**Exercise materials**
-=-=-=-=-

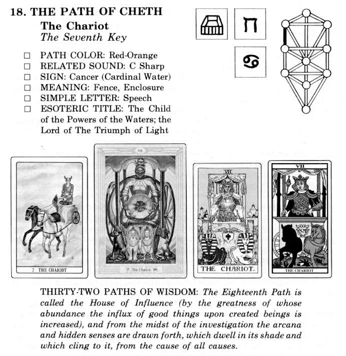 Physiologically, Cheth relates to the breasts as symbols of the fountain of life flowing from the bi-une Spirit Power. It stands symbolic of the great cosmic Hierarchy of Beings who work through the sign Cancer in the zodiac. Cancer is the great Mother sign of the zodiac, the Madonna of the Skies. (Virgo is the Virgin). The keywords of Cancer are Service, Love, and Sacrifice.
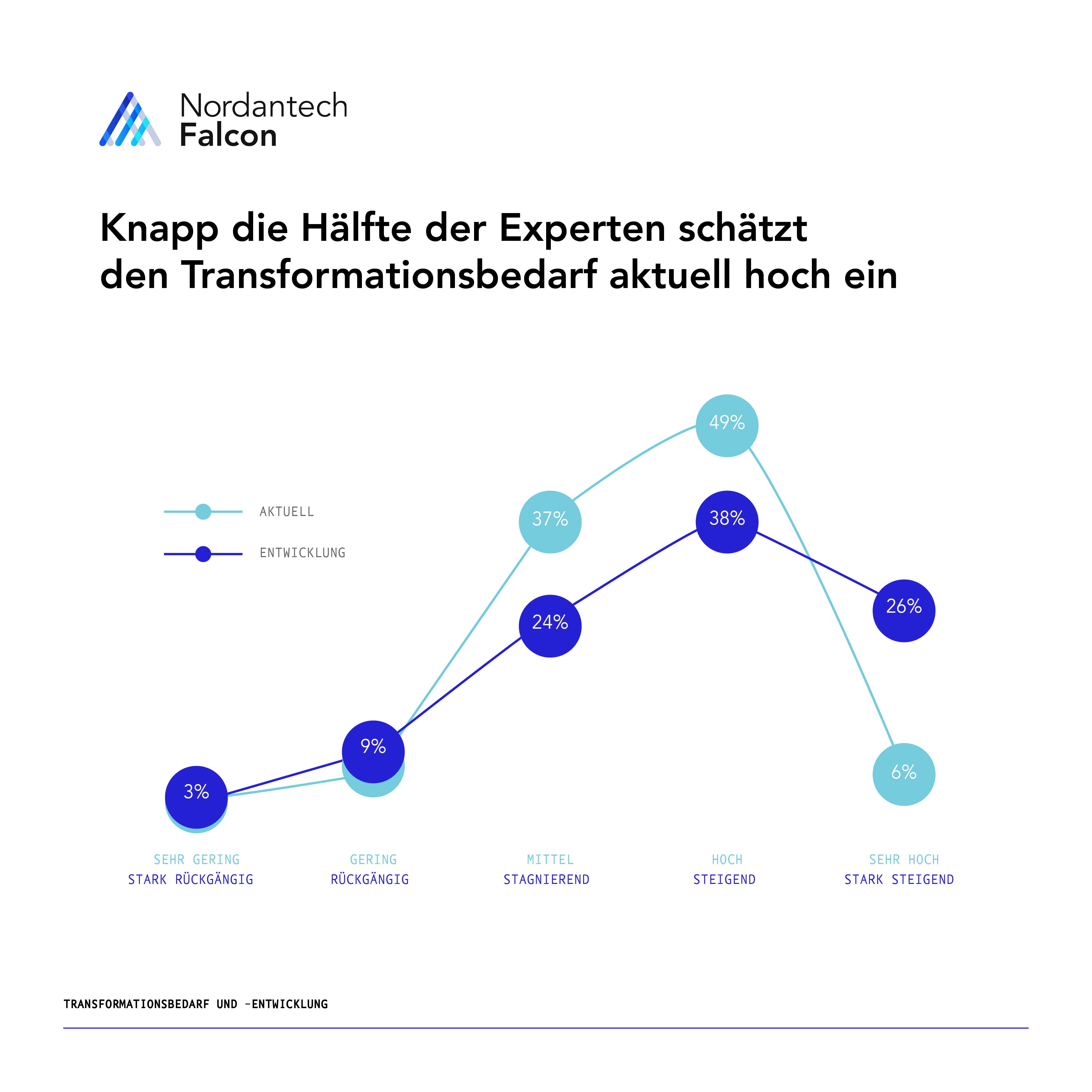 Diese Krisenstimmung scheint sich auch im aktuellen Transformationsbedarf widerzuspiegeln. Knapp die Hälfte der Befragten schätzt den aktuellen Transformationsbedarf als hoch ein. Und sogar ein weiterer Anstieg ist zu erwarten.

-=-=-=-=-

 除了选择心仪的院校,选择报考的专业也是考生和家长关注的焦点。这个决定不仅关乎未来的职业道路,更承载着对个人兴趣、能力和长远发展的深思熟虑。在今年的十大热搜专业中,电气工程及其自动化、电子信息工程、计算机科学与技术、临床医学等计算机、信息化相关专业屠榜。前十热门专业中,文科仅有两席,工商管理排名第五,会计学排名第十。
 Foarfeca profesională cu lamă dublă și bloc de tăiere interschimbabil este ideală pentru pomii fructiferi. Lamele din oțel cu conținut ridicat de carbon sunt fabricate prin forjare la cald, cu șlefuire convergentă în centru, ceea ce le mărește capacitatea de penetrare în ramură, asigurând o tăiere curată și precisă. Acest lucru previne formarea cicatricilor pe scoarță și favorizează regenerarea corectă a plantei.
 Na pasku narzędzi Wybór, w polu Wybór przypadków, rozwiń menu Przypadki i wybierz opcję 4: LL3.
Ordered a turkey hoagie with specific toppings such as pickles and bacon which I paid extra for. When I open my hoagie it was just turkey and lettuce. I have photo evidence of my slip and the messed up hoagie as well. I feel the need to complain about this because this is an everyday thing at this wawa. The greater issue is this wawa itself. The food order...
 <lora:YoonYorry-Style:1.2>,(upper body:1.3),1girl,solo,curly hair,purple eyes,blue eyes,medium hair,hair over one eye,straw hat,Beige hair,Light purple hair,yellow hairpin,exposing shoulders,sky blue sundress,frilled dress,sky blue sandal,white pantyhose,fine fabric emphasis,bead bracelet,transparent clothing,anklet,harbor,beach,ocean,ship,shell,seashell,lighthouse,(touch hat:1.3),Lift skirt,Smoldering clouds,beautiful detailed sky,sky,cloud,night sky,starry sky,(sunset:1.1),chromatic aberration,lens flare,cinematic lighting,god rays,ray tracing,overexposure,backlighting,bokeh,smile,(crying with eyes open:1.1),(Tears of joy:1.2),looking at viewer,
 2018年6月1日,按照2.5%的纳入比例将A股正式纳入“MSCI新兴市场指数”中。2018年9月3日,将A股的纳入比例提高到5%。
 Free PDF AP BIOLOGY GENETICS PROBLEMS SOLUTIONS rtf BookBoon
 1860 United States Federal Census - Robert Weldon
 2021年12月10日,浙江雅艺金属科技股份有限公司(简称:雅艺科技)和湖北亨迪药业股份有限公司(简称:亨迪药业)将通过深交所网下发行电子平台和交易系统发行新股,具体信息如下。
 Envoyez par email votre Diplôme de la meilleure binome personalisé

-=-=-=-=-

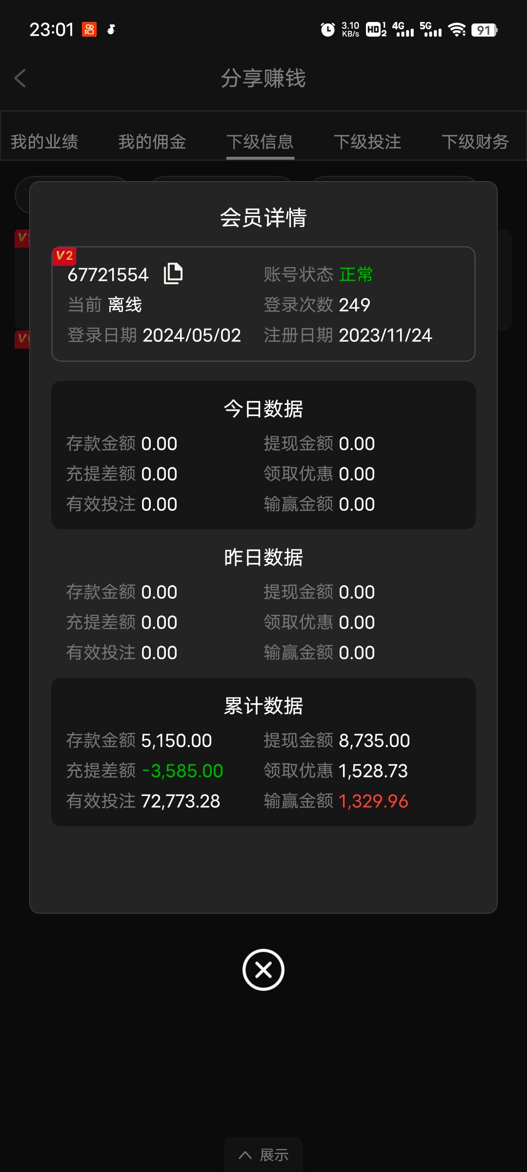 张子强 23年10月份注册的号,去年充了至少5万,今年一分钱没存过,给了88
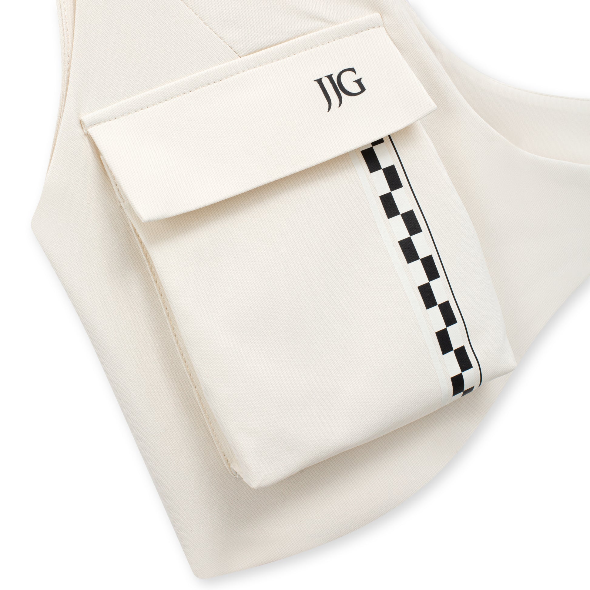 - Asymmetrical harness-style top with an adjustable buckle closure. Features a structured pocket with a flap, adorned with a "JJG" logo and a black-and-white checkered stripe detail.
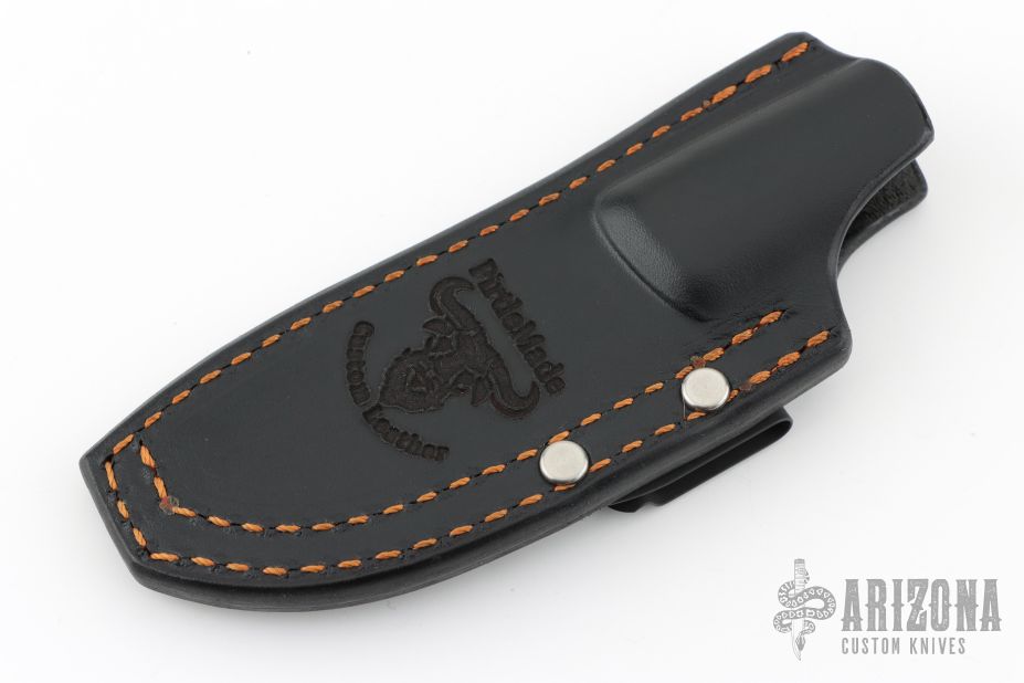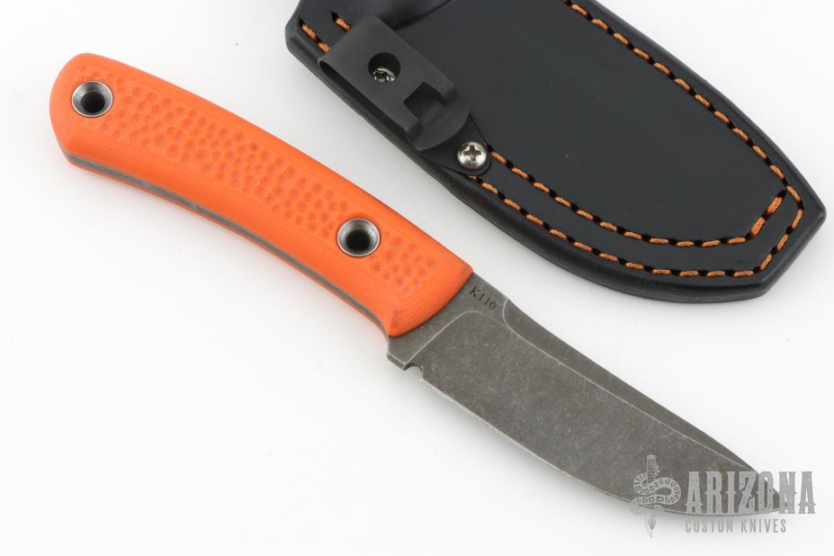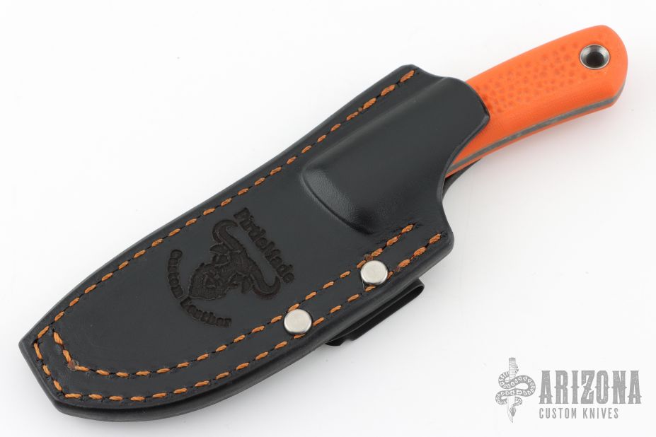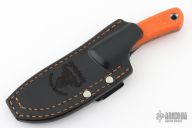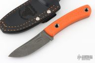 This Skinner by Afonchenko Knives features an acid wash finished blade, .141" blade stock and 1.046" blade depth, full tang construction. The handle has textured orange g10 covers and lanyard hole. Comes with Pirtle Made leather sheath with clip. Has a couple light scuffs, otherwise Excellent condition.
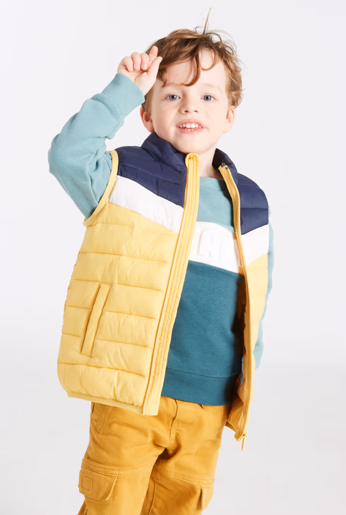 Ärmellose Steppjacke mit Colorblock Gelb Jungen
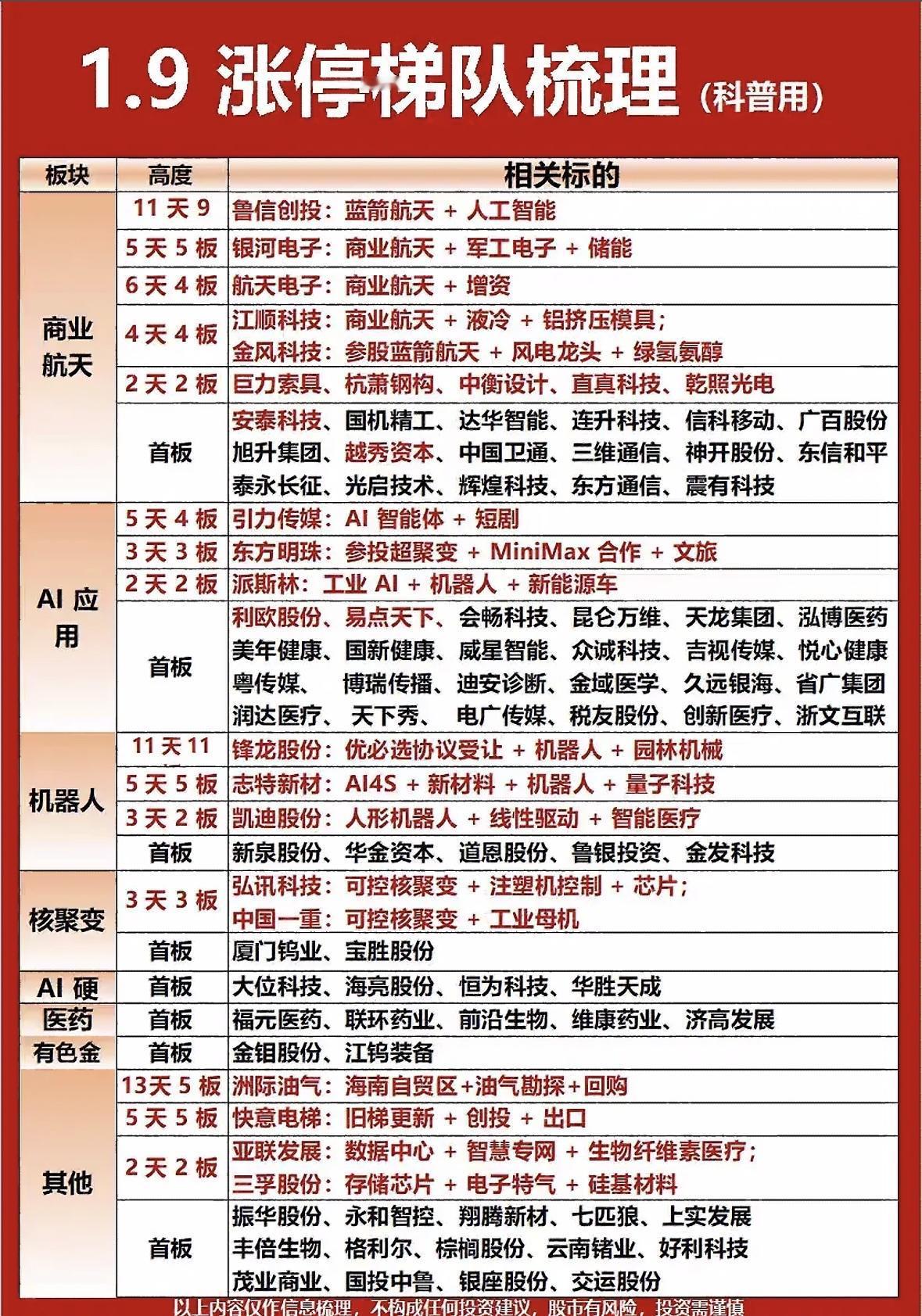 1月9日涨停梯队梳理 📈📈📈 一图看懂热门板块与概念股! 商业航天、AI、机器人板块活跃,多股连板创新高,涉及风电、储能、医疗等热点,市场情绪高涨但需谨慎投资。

-=-=-=-=-

**Exercise**
Over the whole listing above, how many lines contain the string "open"? The answer is that number alone.

**The completed task**
2